In Kafka, the operations of producer writing message and consumer reading message interact with leader copy, and the slave realizes a production and consumption model of main writer and main read. Database, Redis and so on all have the function of main writing and main reading, and at the same time, they also support the function of primary writing and subordinate reading, which is the separation of reading and writing. In order to correspond to the main writing and primary reading, here we call it as primary writing and reading.

Kafka does not support master-write-from-read. Why is that?

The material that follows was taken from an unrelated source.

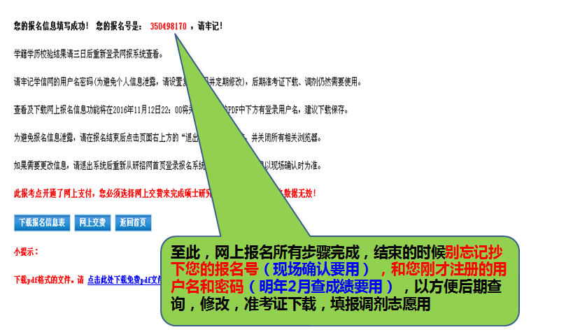 步骤 14:生成7位报名号,请务必谨记,现场确认需提供,下载报名信息表

At the code level, although it increases the code complexity, this feature can be fully supported in Kafka. For this problem, we can do a specific analysis from the perspective of "income point". The master write slave read can make the slave node share the load of the master node and prevent the situation that the master node is overloaded while the slave node is idle. But master-write-slave reading also has two obvious disadvantages:

Data consistency issues. When the data is transferred from the master node to the slave node, there must be a delayed time window, which will lead to data inconsistency between the master and slave nodes. At some point, the value of A data in both the master node and the slave node is X, and then the value of An in the master node is changed to Y, so before the change is notified to the slave node, the application reads the value of A data in the slave node is not Y, which leads to the problem of data inconsistency.

Delay problem. For components like Redis, the process of data writing to synchronization to slave node needs to go through the stages of network → master node memory → network → slave node memory, and the whole process will take a certain amount of time. In Kafka, master-slave synchronization is more time-consuming than Redis. It needs to go through the stages of network → master node memory → master node disk → network → slave node memory → slave node disk. For delay-sensitive applications, the function of master-write-slave reading is not very suitable.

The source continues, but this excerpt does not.